The data »
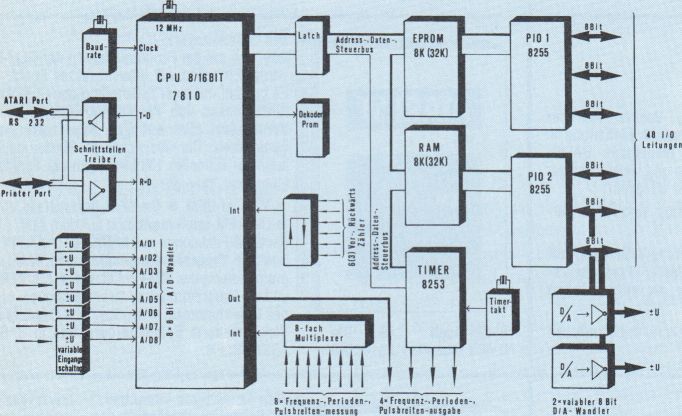 Die Karte beinhaltet eine 8 Bit-Hochleistungs-CPU (CPU-7810), 8 bis 32 K EPROM, 8 bis 32 K RAM sowie eine Vielzahl analoger und digitaler Schnittstellen. Über einen BUS-Stecker kann die Karte fast beliebig erweitert werden. Die Verbindung mit dem HOST-Rechner (in diesem Fall ATARI-ST) oder einem Terminal erfolgt über eine der beiden RS-232 Schnittstellen. Außerdem kann die Karte unabhängig vom Rechner funktionieren, sozusagen als Stand-Alone Gerät arbeiten. Damit wird die dezentrale Datenerfassung über große Entfernung möglich. Bis zu acht analoge Eingangssignale mit einer Auflösung von 8 Bit können erfaßt werden, wobei jeder Kanal über eine eigene Schutzbeschaltung, Filterung und Spannungstellung verfügt. Für die digitale Ein/Ausgabe stehen 48 I/O-Leistungen zur Verfügung, die in Gruppen von 8 bzw. 4 Bit individuell als Eingang oder Ausgang definiert werden können. Für die Erfassung von Frequenz, Periodendauer, Tastverhältnis oder Phase stehen 8 Eingänge zur Verfügung, die mit einer Auflösung von 32 Bit (9 1/2 Dekaden) arbeiten. Ferner läßt sich die Torzeit für jeden Kanal vorwählen. Für Probleme, die sehr zeitkritisch sind, steht dem Anwender eine integrierte, ungepufferte Echtzeituhr zur Verfügung. Das im ROM mitgelieferte Betriebssystem ermöglicht über ein eingebautes DOWN-LOAD Programm, daß zukünftige Erweiterungen oder Anwenderwünsche einfach über die V24-Schnittstelle ins RAM gebootet werden können.
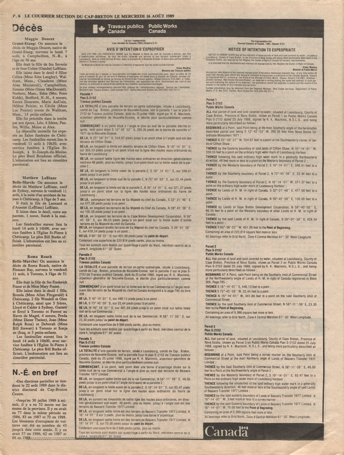 Le Courrier is Nova Scotia's leading French-language newspaper, and the only one with province-wide coverage and distribution. First published by Désiré d'Éon as Le Petit Courrier (Du Sud-Ouest de la Nouvelle-Écosse) on 10 February 1937, it has appeared weekly ever since, informing its readers, defending the interests of Acadians and francophones, and providing a bridge linking all Acadian regions in the province. It offers community news and events, extended articles, advertisements, announcements, photographs and special supplements, all directed towards supporting Nova Scotia's large, dispersed and diversified Acadian population, its businesses, industries, economy, daily activities, schools and higher education, politics, cultural life and heritage. Le Courrier offers an outstanding and unparalleled perspective on 66 years' accumulated history of Nova Scotia's Acadian population, thus enabling exploration of interests, activities, accomplishments, concerns and community issues across a broad swath of the 20th century.
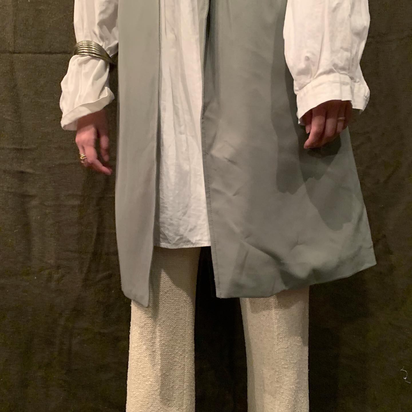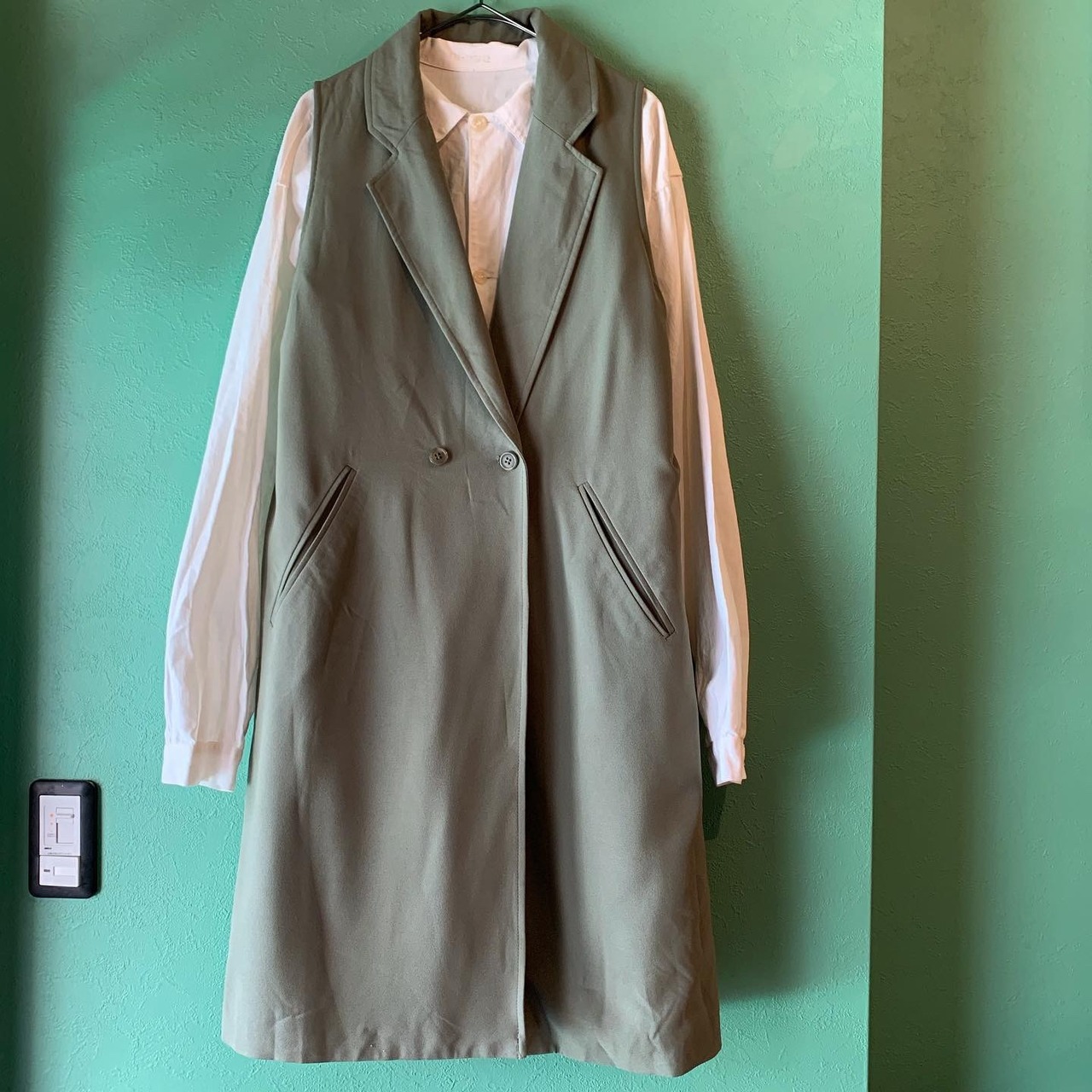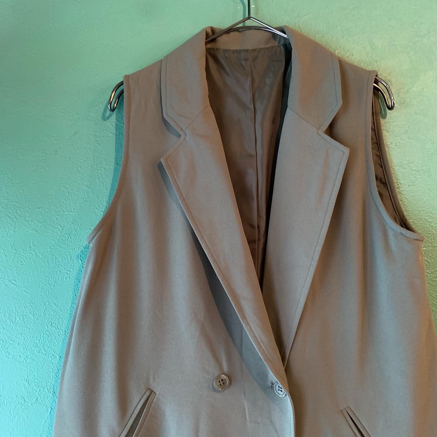 ■80~90年代頃のノースリーブデザインコートです。ダブルブレストのロング丈のベストのようなアイテム。カーキカラーのシンプルなディテールで合わせ方によってはオールシーズンで着れるアイテム。

Task directions » Recopy the full listing exactly, passing over any picture.

Output »
 Die Karte beinhaltet eine 8 Bit-Hochleistungs-CPU (CPU-7810), 8 bis 32 K EPROM, 8 bis 32 K RAM sowie eine Vielzahl analoger und digitaler Schnittstellen. Über einen BUS-Stecker kann die Karte fast beliebig erweitert werden. Die Verbindung mit dem HOST-Rechner (in diesem Fall ATARI-ST) oder einem Terminal erfolgt über eine der beiden RS-232 Schnittstellen. Außerdem kann die Karte unabhängig vom Rechner funktionieren, sozusagen als Stand-Alone Gerät arbeiten. Damit wird die dezentrale Datenerfassung über große Entfernung möglich. Bis zu acht analoge Eingangssignale mit einer Auflösung von 8 Bit können erfaßt werden, wobei jeder Kanal über eine eigene Schutzbeschaltung, Filterung und Spannungstellung verfügt. Für die digitale Ein/Ausgabe stehen 48 I/O-Leistungen zur Verfügung, die in Gruppen von 8 bzw. 4 Bit individuell als Eingang oder Ausgang definiert werden können. Für die Erfassung von Frequenz, Periodendauer, Tastverhältnis oder Phase stehen 8 Eingänge zur Verfügung, die mit einer Auflösung von 32 Bit (9 1/2 Dekaden) arbeiten. Ferner läßt sich die Torzeit für jeden Kanal vorwählen. Für Probleme, die sehr zeitkritisch sind, steht dem Anwender eine integrierte, ungepufferte Echtzeituhr zur Verfügung. Das im ROM mitgelieferte Betriebssystem ermöglicht über ein eingebautes DOWN-LOAD Programm, daß zukünftige Erweiterungen oder Anwenderwünsche einfach über die V24-Schnittstelle ins RAM gebootet werden können.
 Le Courrier is Nova Scotia's leading French-language newspaper, and the only one with province-wide coverage and distribution. First published by Désiré d'Éon as Le Petit Courrier (Du Sud-Ouest de la Nouvelle-Écosse) on 10 February 1937, it has appeared weekly ever since, informing its readers, defending the interests of Acadians and francophones, and providing a bridge linking all Acadian regions in the province. It offers community news and events, extended articles, advertisements, announcements, photographs and special supplements, all directed towards supporting Nova Scotia's large, dispersed and diversified Acadian population, its businesses, industries, economy, daily activities, schools and higher education, politics, cultural life and heritage. Le Courrier offers an outstanding and unparalleled perspective on 66 years' accumulated history of Nova Scotia's Acadian population, thus enabling exploration of interests, activities, accomplishments, concerns and community issues across a broad swath of the 20th century.
 ■80~90年代頃のノースリーブデザインコートです。ダブルブレストのロング丈のベストのようなアイテム。カーキカラーのシンプルなディテールで合わせ方によってはオールシーズンで着れるアイテム。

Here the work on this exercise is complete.